All Seasons Garden
The All-Seasons Garden is a large island bed designed to demonstrate the concept of a garden with four seasons of interest. With the help of The Peoria Garden Club, the All-Seasons Garden was built and dedicated on Arbor Day in 1978. Recently in 2008, it was refurbished, incorporating new trees, flowering shrubs, grasses, perennials and teak benches. Four seasons of interest is provided by using a diversity of trees, shrubs, grasses, evergreens and perennials; and using plants with extended periods of interest like the hydrangea, with its long lasting flowers that even persist into the winter. In addition, we utilized plants that offer several seasons of interest. A good example being the Midwinter Fire Dogwood that blooms in spring, bears fruit in summer and brightens the winter with orange and red stems. In exploring this garden throughout the year you will discover that interest can come in many different forms:
Anchoring the east end of the garden is a couple Baldcypress Taxodium distichum. They have beautiful fine-textured foliage that turns a wonderful orange to copper in fall. Beneath the Baldcypress, is a cluster of Midwinter Fire Dogwood Cornus sanguinea 'Midwinter Fire,' (photo left) (2) a cultivar of Bloodtwig Dogwood, noted for its colorful branches and twigs in winter. It is a multi-stemmed shrub that grows to 5-6' in height and spread. The outstanding winter stems range from yellow near the base to orange in the middle and red at the tips. It bears white flowers in the spring followed by white fruit and golden yellow fall color. A bit further west you will find Doublefile Viburnum Viburnum plicatum var. tomentosum 'Mariesii,' (photo below) most noted for its distinctive layered horizontal branching. It is a broad, dense, multi-stemmed shrub that typically reaches to 10-12’ in height and spreads to 15’ in width. White flower clusters bloom in profusion along the branches in April or May and give way in summer to red berry-like drupes which mature to black. It bears dark green leaves that turn reddish purple in fall
Along the south edge, a flowering shrub that spans multiple seasons is the Pinky Winky Hydrangea Hydrangea paniculata 'DVPpinky.' It has unique white and pink two-toned flower heads that appear in mid-summer, they emerge white and the flowers at the base quickly turn pink. The flowers will persist well into winter, drying to creamy beige. Also along this south edge, a Contorted Filbert or Harry Lauder’s Walking Stick Corylus avellana ‘Contorta’ acts as a focal point. It has unique and whimsical character with twisted and spiraling branches, twigs and leaves.
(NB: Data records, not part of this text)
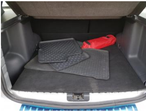
Fot. 17 Bagażnik
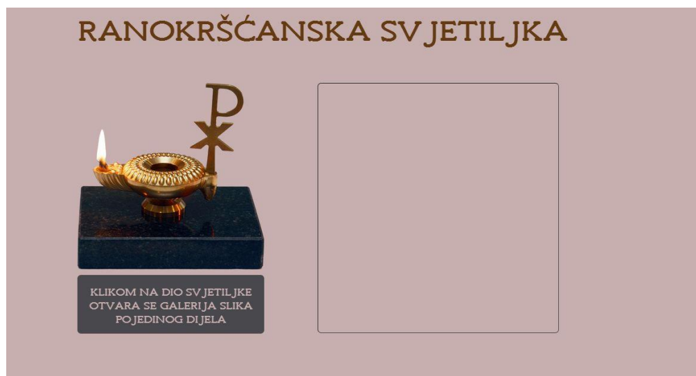
Slika 13. Prikaz okvira, opaciteta vrijednosti 1 nakon animacije

Slikovne mape pridonose praktičnosti web galerije. Uz definirano odredište zasebnih HTML dokumenata, sadržanim slikama dijelova svjetiljke, povećala se funkcionalnost.
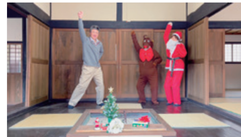
方言がテーマのミニ動画「ネイティブ・スピーカー」カース飯館言葉の達人たち」の一場面 ※各号裏表紙をご覧ください
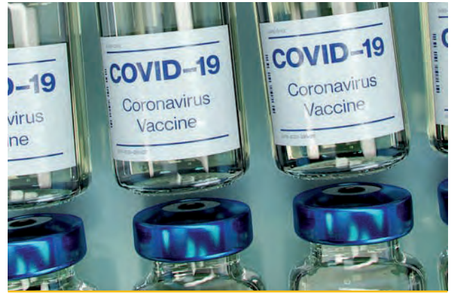
1 er février | Le centre hospitalier et la communauté d'agglomération du Pays de Gex obtiennent l'ouverture d'un centre de vaccination pour les publics prioritaires.
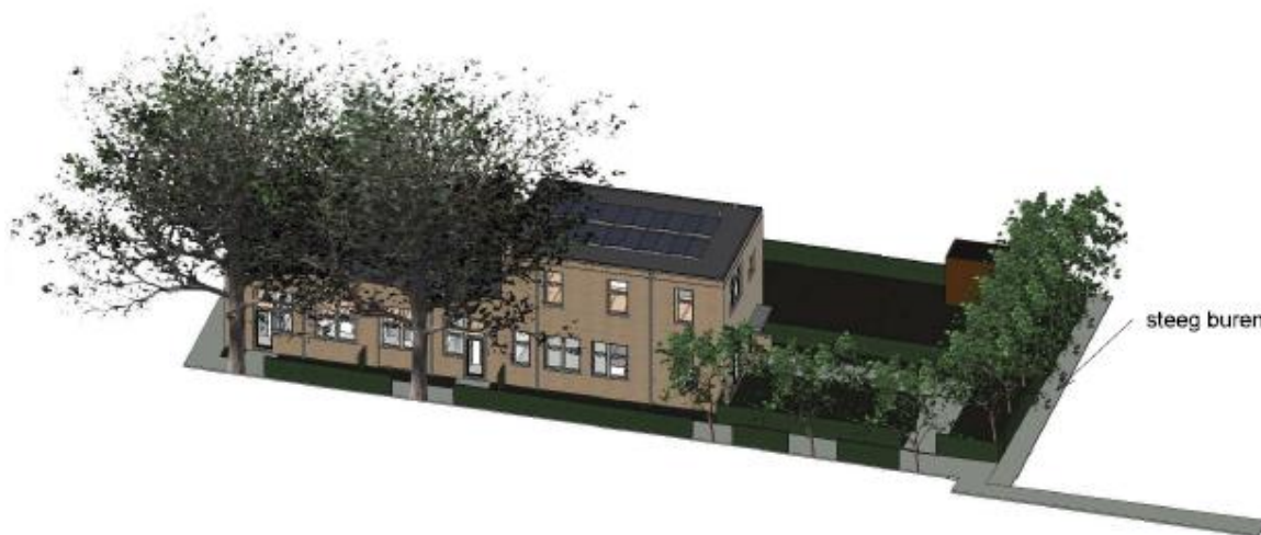
verbeelding nieuwe situatie (bron:Melein Architectuur)

De drie woningen zullen worden voorzien van een tuin met berging in het achtererf gebied. Het plangebied zal toegankelijk zijn via de bestaande zijingang langs de kerk die direct ten zuiden ligt van het plangebied. Het terrein is niet toegankelijk voor auto's.

In fall and winter, when the leaves have fallen, it becomes quite noticeable and provides incredible winter interest. Nearby the Rozanne Cranesbill Geranium 'Gerwat' (see photo below) has very large violet blue flowers with white centers, with an exceptional long bloom time, from early summer until frost. It is a beautiful plant that forms a mound, 20” tall and 24” in width. Behind the cranesbill, there is a cluster of Viking Black Chokeberry Aronia melanocarpa ‘Viking’, an open upright shrub that reaches 4-6’ in height and spread. It bears white flower clusters in spring and black fruit in the summer that persist well into the winter. Its fall color ranges from crimson to wine-red to apricot.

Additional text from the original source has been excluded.